The livestock sector is facing stiff challenges to profitability this season, but the long-term fundamentals remain favourable, according to speakers at the AHDB Outlook conference in London last week. Paul Spackman and Robyn Vinter report

Dairy: Price pressure

Price cuts announced last week were symptomatic of the challenges facing dairy farmers around the world, DairyCo’s senior analyst Julie MacLeod told the conference.

The sector faced a tough period of short-term over-supply, which, combined with weakened demand, was putting pressure on farmgate prices.

Production was up in many key regions in both the northern and southern hemisphere, she said. For example, in New Zealand, which exports half of its milk output to China, production was running around 10% above last season, while EU-27 output in 2011/12 was 2% up and UK output in 2012/13 was forecast slightly higher than the season just gone, at 13.56bn litres.

However, the longer-term fundamentals – driven largely by population increases – remained positive and a supply correction in the second half of this year should lead to recovery in 2012/13, Ms MacLeod said.

This correction could come from some herds being forced into liquidation, while others may be tempted to cash in on the firm market prices for cull cows. All farmers would have to contend with the high cost of inputs though, which would put added pressure on businesses, she said.

The pressure on the sector was illustrated by the “huge increase” in dairy cullings recently – 5.5% of the herd was culled in 2011/12, up from 4.1% the previous year.
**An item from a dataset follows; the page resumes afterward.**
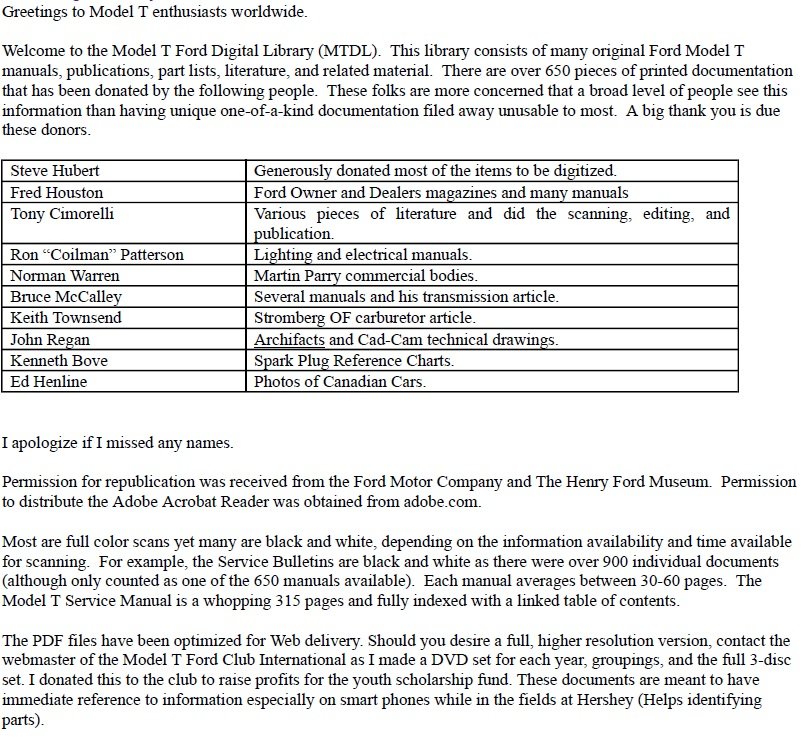 "The Model T Ford Digital Library was created by Tony Cimorelli as a research project and a portion of the library was donated to several Model T clubs. Tony receives no remuneration or kickbacks, nor does he sell these publications. They are available free in an effort to allow enjoyment by all. Semper Fi!'

This had been driven by TB losses and the high market prices for stock, but did mean that the industry had a younger, more viable herd, she noted.

Beef: Tight supplies underpin market

The outlook for cattle prices appeared to be relatively firm for the remainder of the year, as supplies were set to tighten further, senior analyst Debbie Butcher said.
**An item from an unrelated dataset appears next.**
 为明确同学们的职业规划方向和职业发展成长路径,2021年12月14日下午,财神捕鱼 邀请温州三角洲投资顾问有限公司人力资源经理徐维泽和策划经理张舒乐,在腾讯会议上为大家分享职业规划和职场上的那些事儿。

Overall, UK prime cattle slaughterings were down 9% during the first quarter of 2012 compared with last year, with the most notable decrease in young bull slaughterings, which were down 19.5%.

Cow slaughterings were forecast to drop to 579,000 head this year and 552,000 in 2013. While this was fewer than the 645,000 in 2011, the number was roughly on par with 2010, she said.

Average carcase weights remained consistent with 2011, however the trend for faster finishing continued, she added. “Around 60% of cattle were finished under 24 months-old last year, compared with 50% in 2006.”

Export demand had dipped in the first two months of 2012, but Ms Butcher was cautiously optimistic it would pick up and remain largely unchanged by the year end. “We still feel our product is well received, so the demand is out there and there isn’t really any extra coming from elsewhere at the moment.”

Sheep: Margins under pressure

Sheep producer margins were predicted to come under pressure during this year, despite some moderation of input costs, said Stuart Ashworth, head of economic services at Quality Meat Scotland.

The basic supply and demand balance remained in favour of producers, but the strong prices were coming under scrutiny as supplies increased and the pound continued to strengthen against the euro, he said.

Breeding ewe numbers began to rise in 2011 after falling consistently for the previous six years and a bigger lamb crop was likely in 2012, despite losses caused by the Schmallenberg virus.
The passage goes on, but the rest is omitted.